Twee deskundigen trekken lessen uit het verleden: prof. dr. ir. Harry Lintsen, emeritus hoogleraar techniekgeschiedenis aan de Technische Universiteit Eindhoven, en dr. Ben Gales, universitair docent aan de Rijksuniversiteit Groningen en specialist in de mijnbouw van de negentiende en de twintigste eeuw.

Les 1: energietransities brachten veel goeds.

Harry Lintsen: „Leve de steenkool, de aardolie en het aardgas. Waarom? Voor die tijd leefde het overgrote deel van de mensheid in extreme armoede. Met extreem arm bedoel ik ondervoed, een erbarmelijke gezondheid, nauwelijks gekleed, wonend in krotten en levend als een werkdier. Rond 1850 was 60 tot 70 procent van de wereldbevolking arm. In Nederland lag dat percentage aanzienlijk lager, maar dat komt doordat Nederland en Engeland de rijkste twee landen van de wereld waren. Toch waren in die tijd nog altijd 650.000 Nederlanders – ruim twintig procent – erg arm.”
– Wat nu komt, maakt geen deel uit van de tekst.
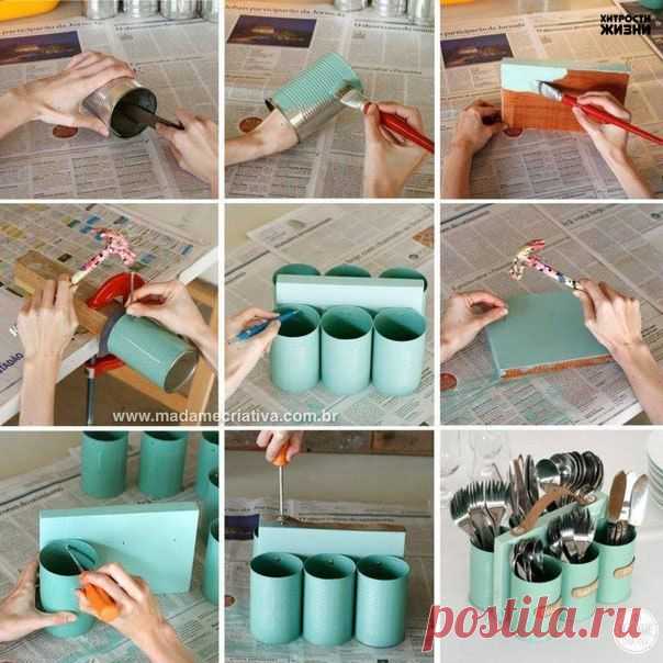 Как сделать кухонный органайзер из консервных банок
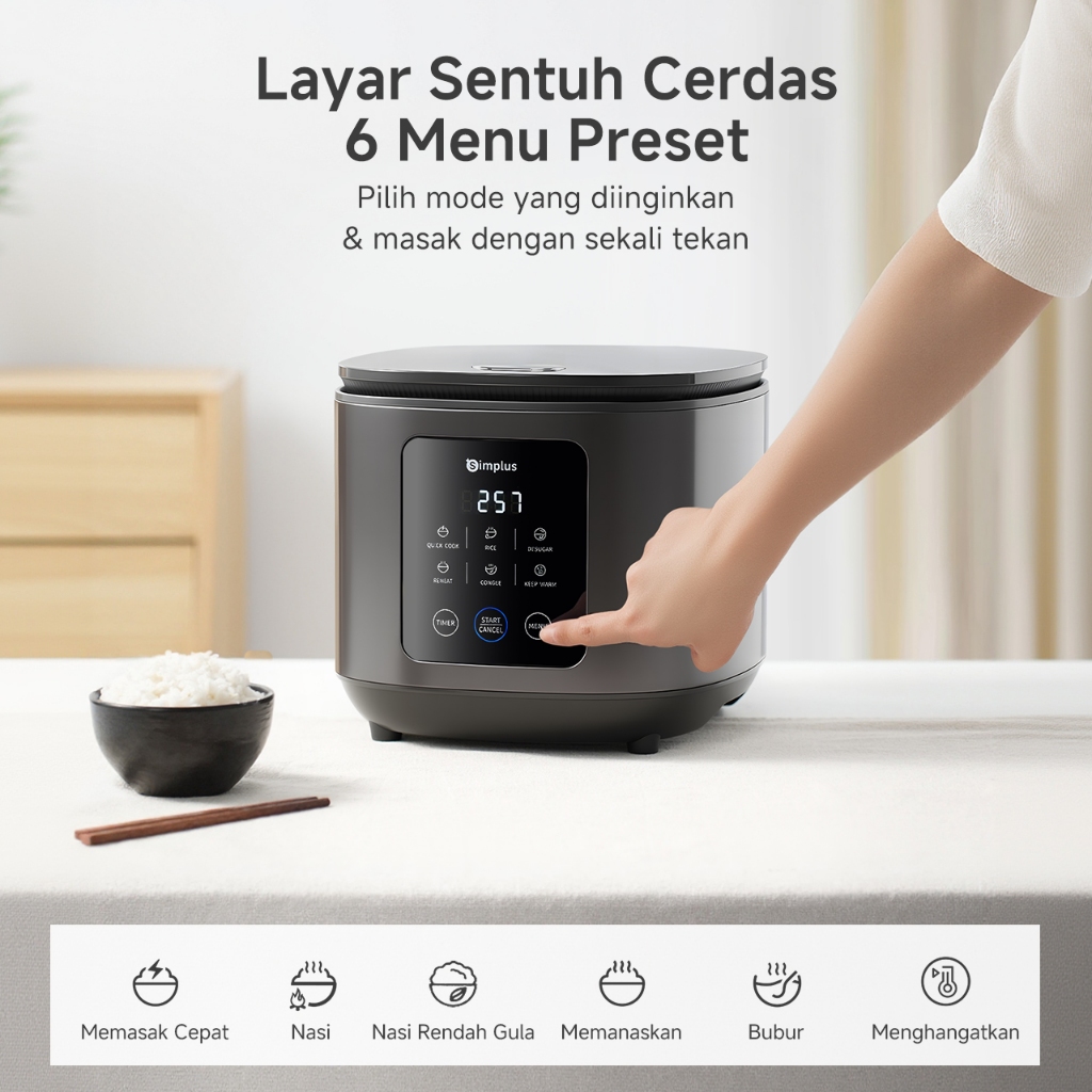 Simplus Rice Cooker MagicCom 4L Nasi Rendah Gula Rendah Kalori Anti lengket 6 Menu Preset Timer 24 Jam

Daarom is de introductie van kolen in zijn ogen niets minder dan een omslagpunt in de geschiedenis van de mensheid. „De stoommachine bracht niet zomaar iets goeds, maar was van doorslaggevend belang. Hij bracht een economische groei teweeg die met windmolens, paarden en turf niet mogelijk zou zijn geweest. Al in 1900 was extreme armoede in Nederland grotendeels verdwenen. En als je kijkt naar de huidige levensstandaard, vrijheid en welvaart, dan hebben we die te danken aan aardolie en aardgas.”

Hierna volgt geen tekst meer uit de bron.